Ela é uma das poucas médicas que faz pesquisas específicas para a comunidade trans. O interesse começou quando ela foi procurada por um amigo que queria ficar com o rosto mais andrógeno.
Depois, por indicação dele, outros clientes começaram a procurá-la, precisando de tratamentos específicos e que não haviam sido explorados pela literatura médica até então.
"É na literatura específica que nós vamos descobrir as técnicas, as quantidades de produtos, a forma de acessar a face. Uma validação científica é necessária para as intervenções".

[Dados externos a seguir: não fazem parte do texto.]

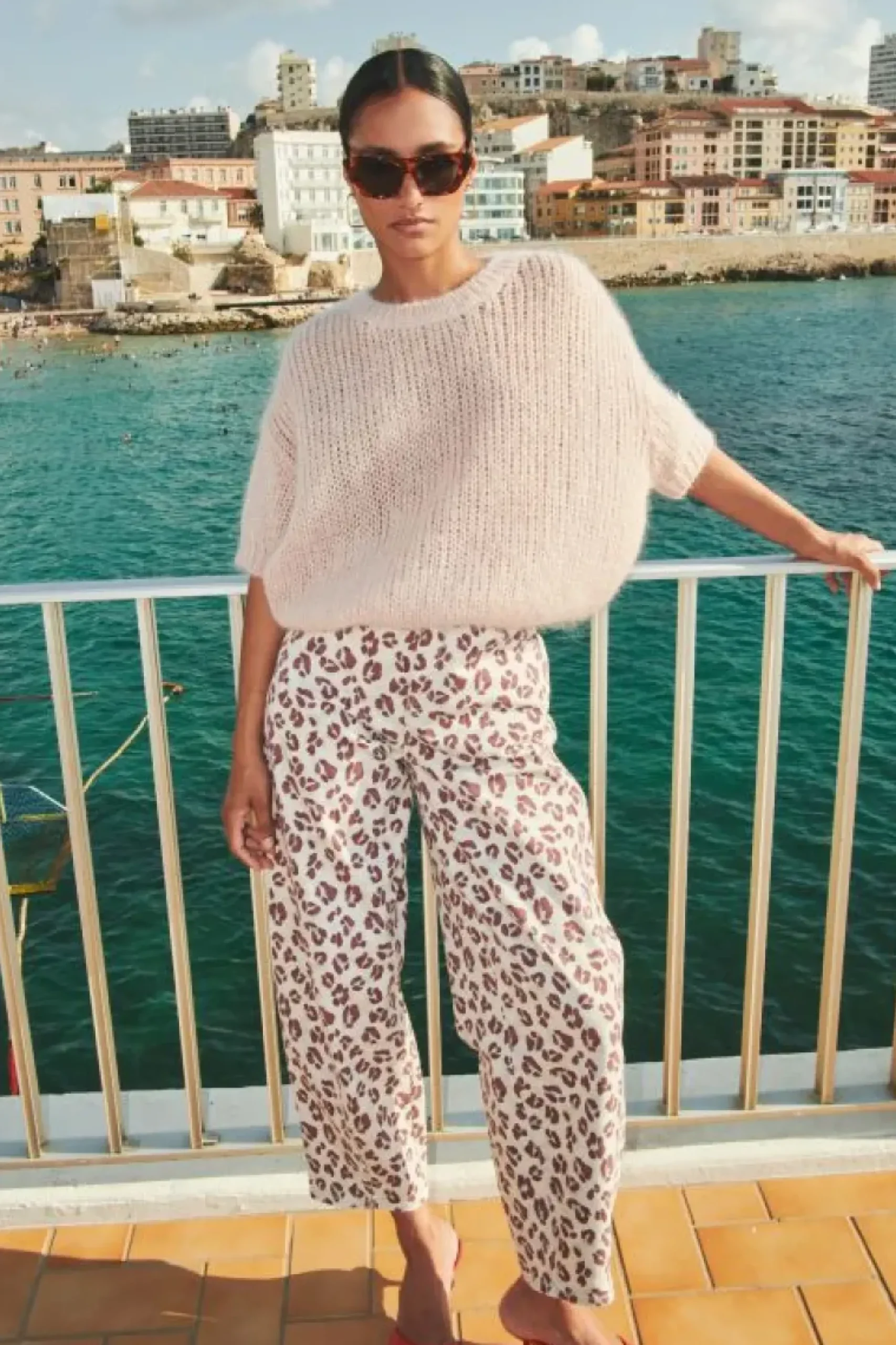 De essential pullover voor dit seizoen! Deze casual trui met ronde halslijn en korte mouwen is perfect voor elke gelegenheid. Deze tijdloze trui voegt comfort en stijl toe aan je garderobe. Combineer de pullover samen met de begum denim pants!

A importância dos tratamentos, aliás, não é só estética. E, em um país com muita violência contra a população LGBT, pode significar a diferença entre a vida e a morte.
No final, o que a população trans procura é a mesma liberdade de expressão que outras pessoas.
"O que me fez acreditar nesse processo é a possibilidade de eu ser eu mesma, só que com mudanças que me fazem ser mais próxima do que eu realmente sinto. Nós precisamos realçar a nossa individualidade, até porque já somos totalmente fora do padrão", conclui Fedra.